WHAT YOU WILL DO — Exactly the lines below, starting with the one containing "Дієтична добавка Супрадин®" and going on through the one containing "bruschetta, saumon fumé, épinard, bruschetta", must be reproduced, both ends included, and no pictures with them.

DATA TO EXAMINE —
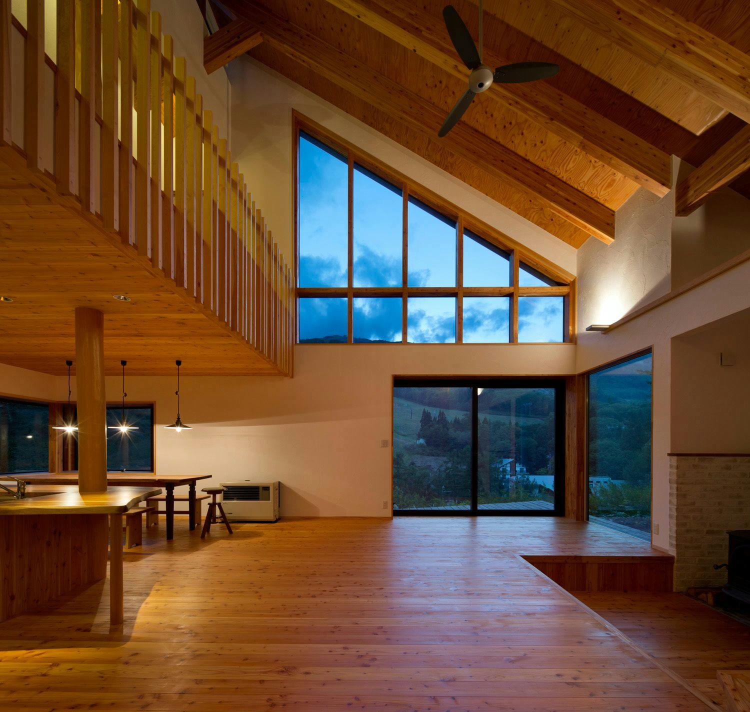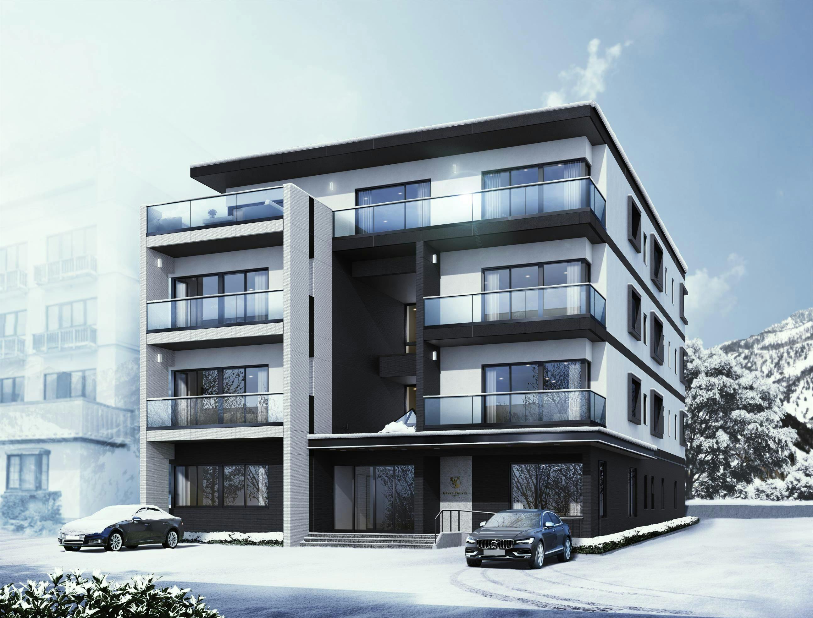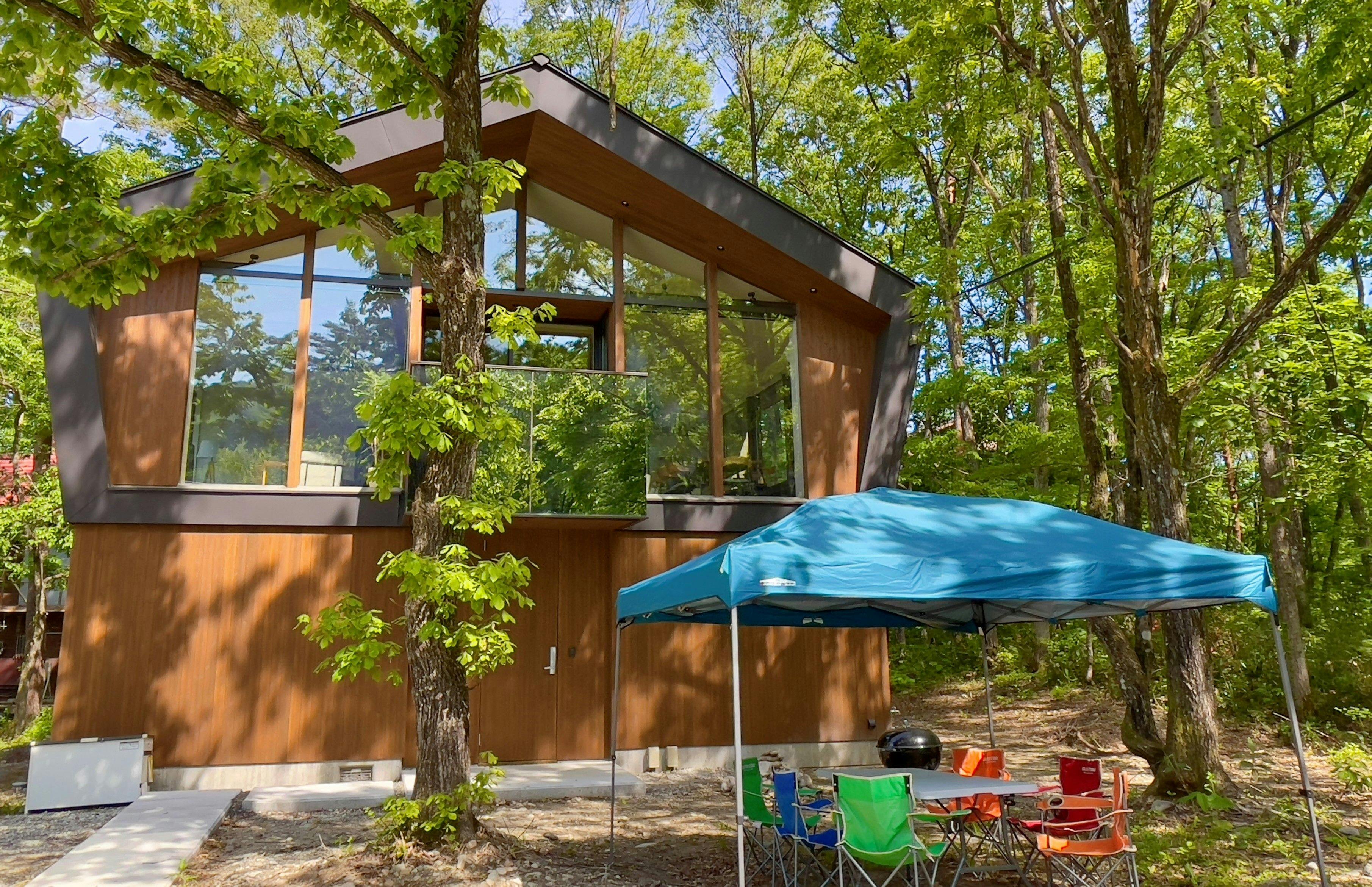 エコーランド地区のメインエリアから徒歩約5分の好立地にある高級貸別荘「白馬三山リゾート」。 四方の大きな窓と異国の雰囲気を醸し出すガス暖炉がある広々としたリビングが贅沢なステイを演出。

--

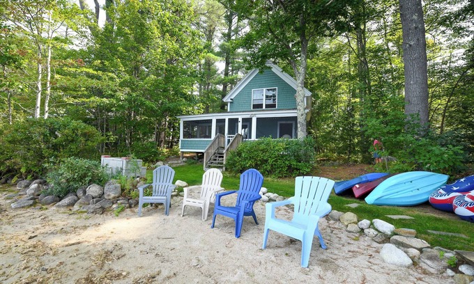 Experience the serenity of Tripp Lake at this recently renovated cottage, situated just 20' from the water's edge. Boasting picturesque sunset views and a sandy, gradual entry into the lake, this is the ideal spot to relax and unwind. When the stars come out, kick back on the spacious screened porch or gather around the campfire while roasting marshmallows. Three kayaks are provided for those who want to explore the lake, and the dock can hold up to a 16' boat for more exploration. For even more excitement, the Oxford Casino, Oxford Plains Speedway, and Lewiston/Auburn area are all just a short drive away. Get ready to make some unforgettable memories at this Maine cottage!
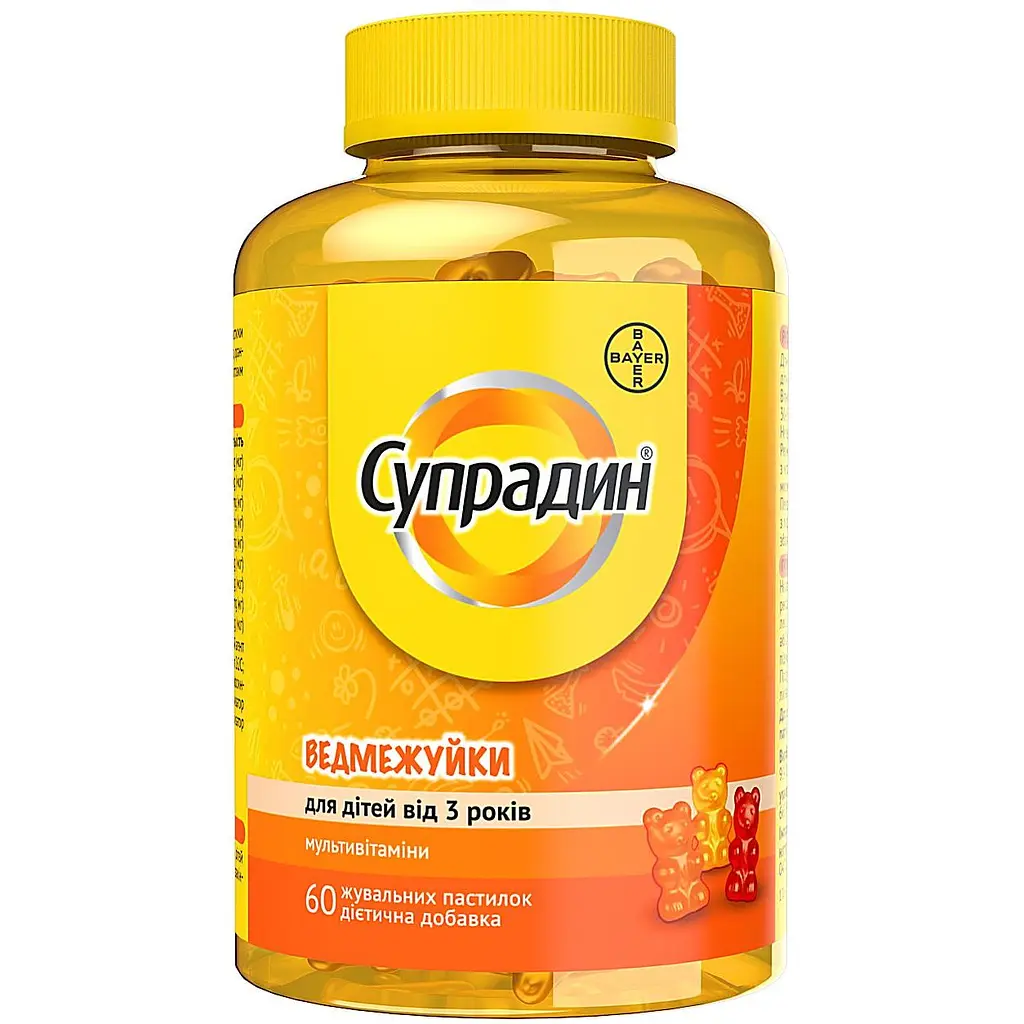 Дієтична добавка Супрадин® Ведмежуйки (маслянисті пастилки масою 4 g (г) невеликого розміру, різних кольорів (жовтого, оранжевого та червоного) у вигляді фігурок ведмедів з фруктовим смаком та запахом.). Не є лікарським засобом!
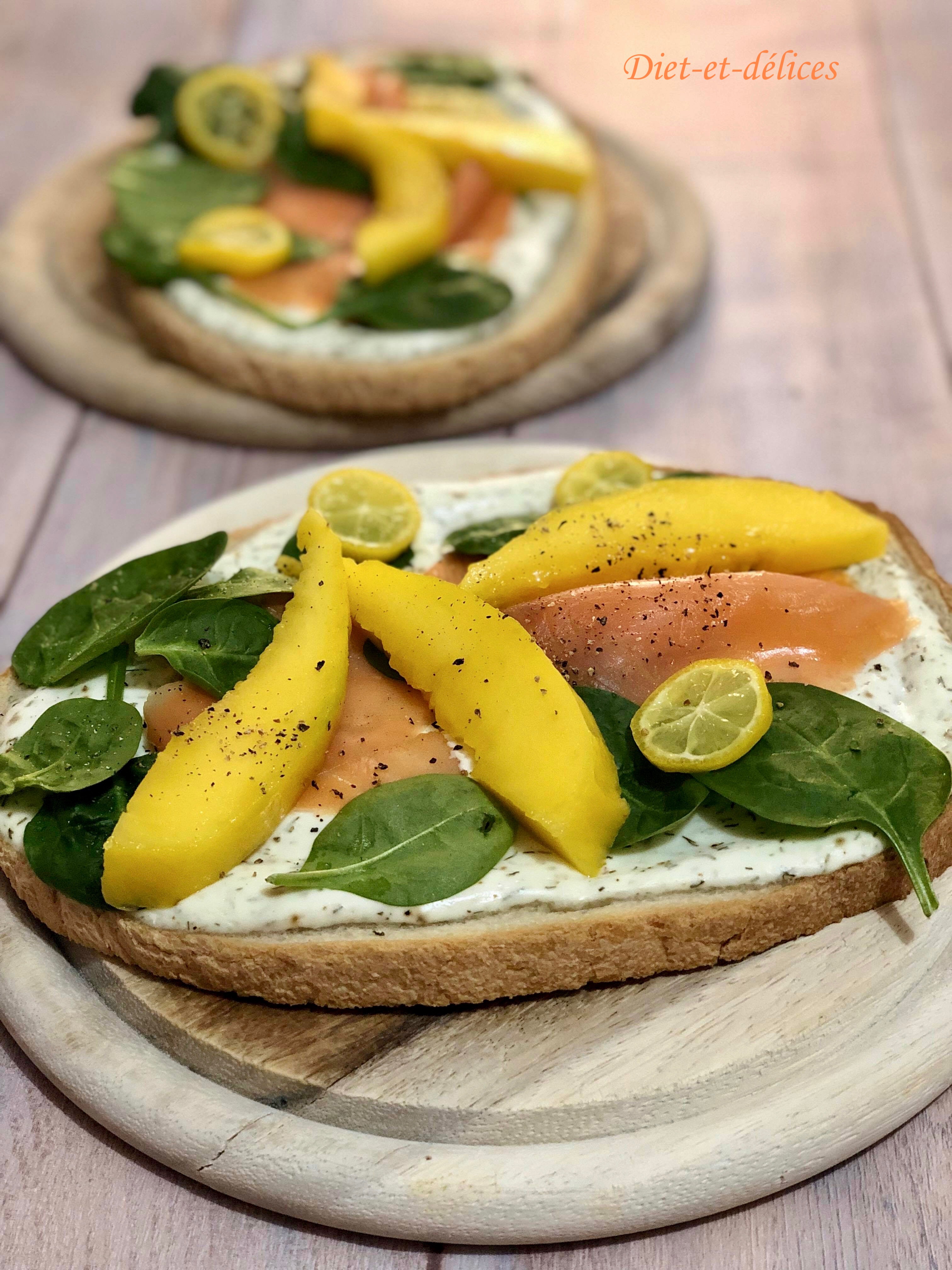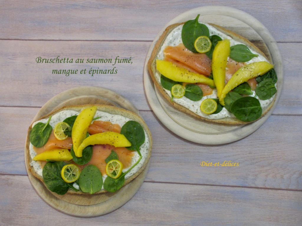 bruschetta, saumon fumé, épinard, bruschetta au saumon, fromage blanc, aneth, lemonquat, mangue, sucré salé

...

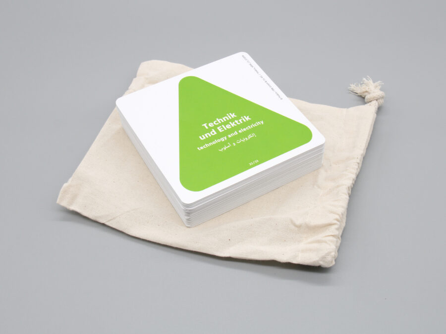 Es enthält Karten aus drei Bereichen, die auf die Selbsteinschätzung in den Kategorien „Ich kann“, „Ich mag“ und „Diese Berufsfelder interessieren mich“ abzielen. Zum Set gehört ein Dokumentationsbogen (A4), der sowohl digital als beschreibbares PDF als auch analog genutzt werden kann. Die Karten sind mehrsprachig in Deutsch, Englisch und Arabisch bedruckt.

ANSWER TO THIS TASK —
 Дієтична добавка Супрадин® Ведмежуйки (маслянисті пастилки масою 4 g (г) невеликого розміру, різних кольорів (жовтого, оранжевого та червоного) у вигляді фігурок ведмедів з фруктовим смаком та запахом.). Не є лікарським засобом!
 bruschetta, saumon fumé, épinard, bruschetta au saumon, fromage blanc, aneth, lemonquat, mangue, sucré salé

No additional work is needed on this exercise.